Just wondering if anyone has any advice on cutting a leather strap down in size. It has no stitching so no issue there, but it also has black "polished"? Edges, and I imagine cutting it will give it a raw edge that'll look odd.

The other option is just to sell the Pav and buy a Hirsch


----------



## Guest (Mar 1, 2016)

hughlle said:


> Just wondering if anyone has any advice on cutting a leather strap down in size.

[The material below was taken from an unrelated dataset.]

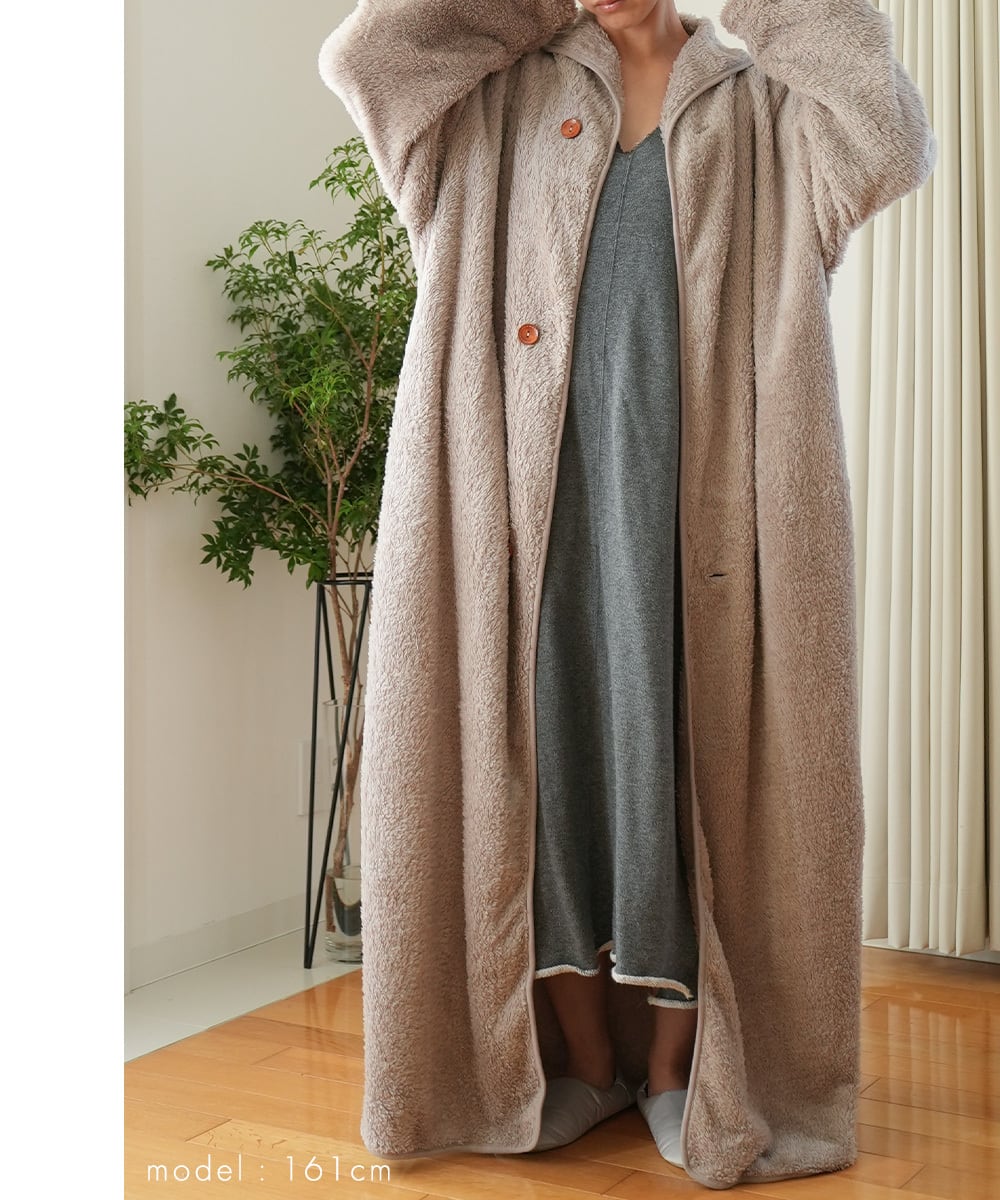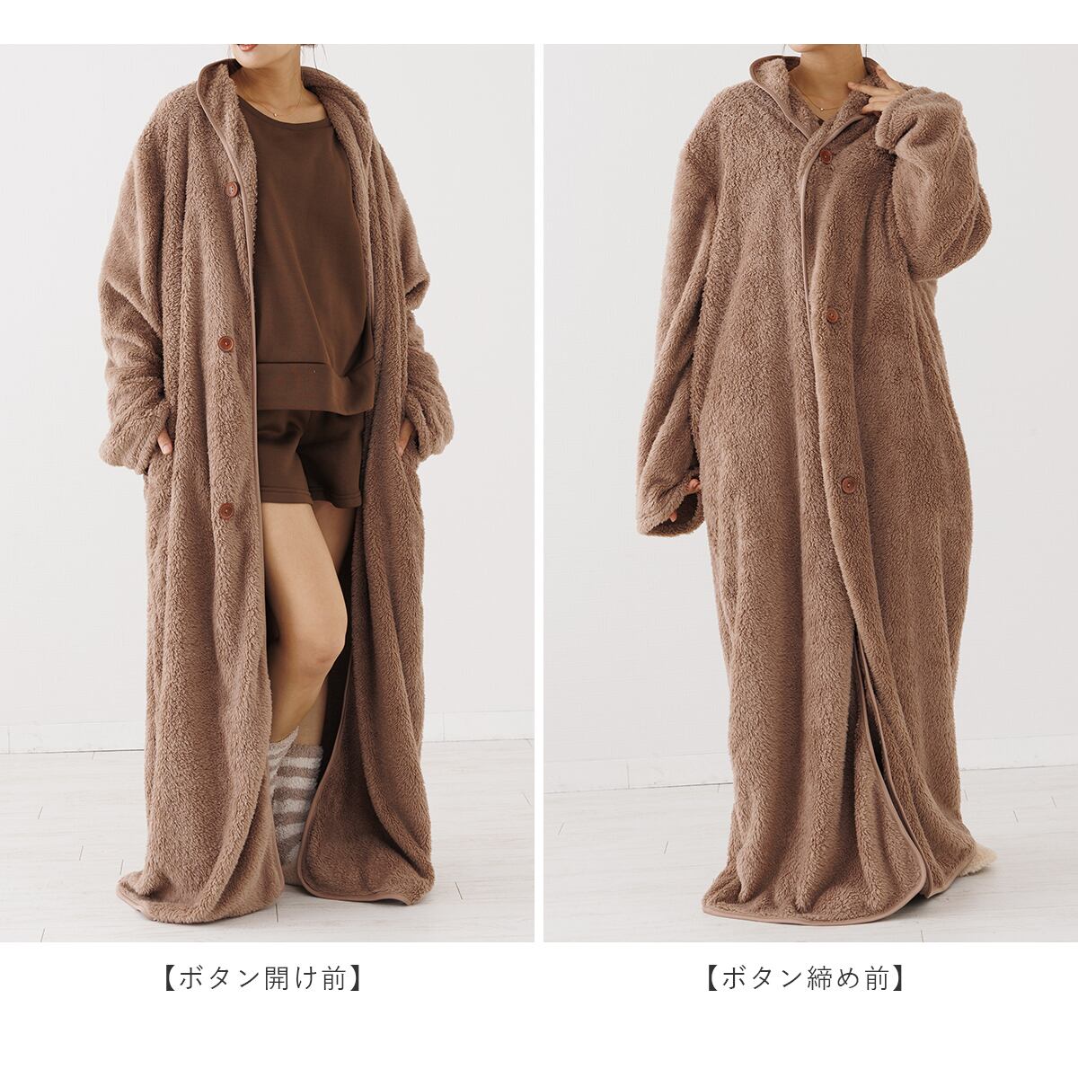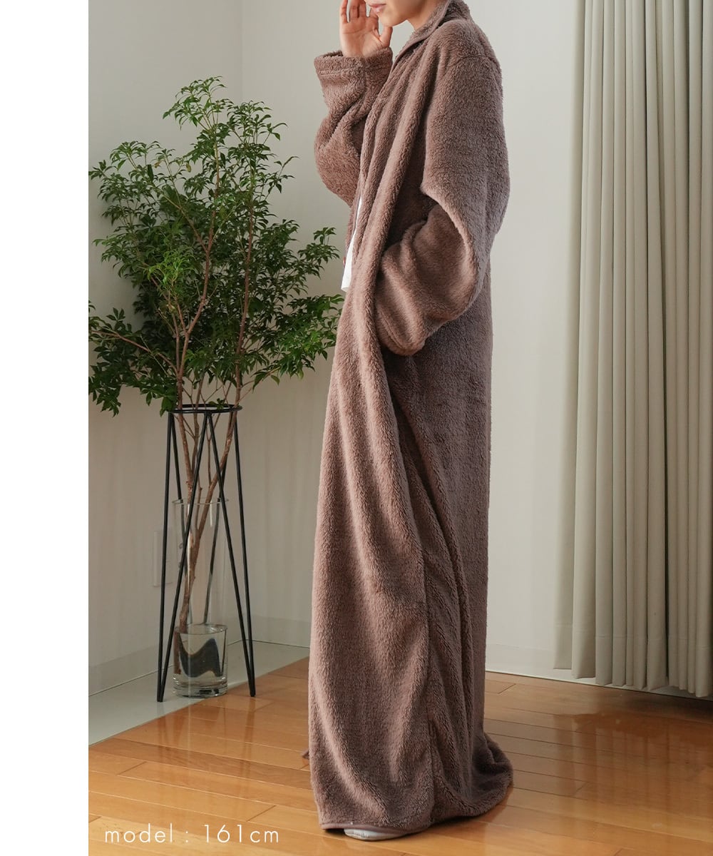 ルームウェア レディース 冬 カーディガン ガウン もこもこ 秋 可愛い 長袖 羽織 黒 ふわふわ フリース 秋冬 厚手 部屋着 暖かい ロング丈 着る毛布 ドロップショルダー 無地 ワンピース ロング ゆったり ペア グレー ブラウン hw8198 | AUNI_BELLES

It has no stitching so no issue there, but it also has black "polished"? Edges, and I imagine cutting it will give it a raw edge that'll look odd.
> 
> The other option is just to sell the Pav and buy a Hirsch


 you can "polish" the edge, just make the raw edge a bit damp and rub with a smooth screwdriver shaft and maybe blacken with a sharpie?


----------



## Miterant (Feb 27, 2012)

hughlle said:


> The other option is just to sell the Pav and buy a Hirsch


 You can also send it to Pav and he will do it for You. :yes:


----------



## Bluehase284 (Dec 23, 2015)

Cut it with a hot knife. Heat a razor sharp knife up on the hob and then make the cut. Then finish the edge with some black shoe polish, and finally polish with the off cut of strap. Will look mint.


----------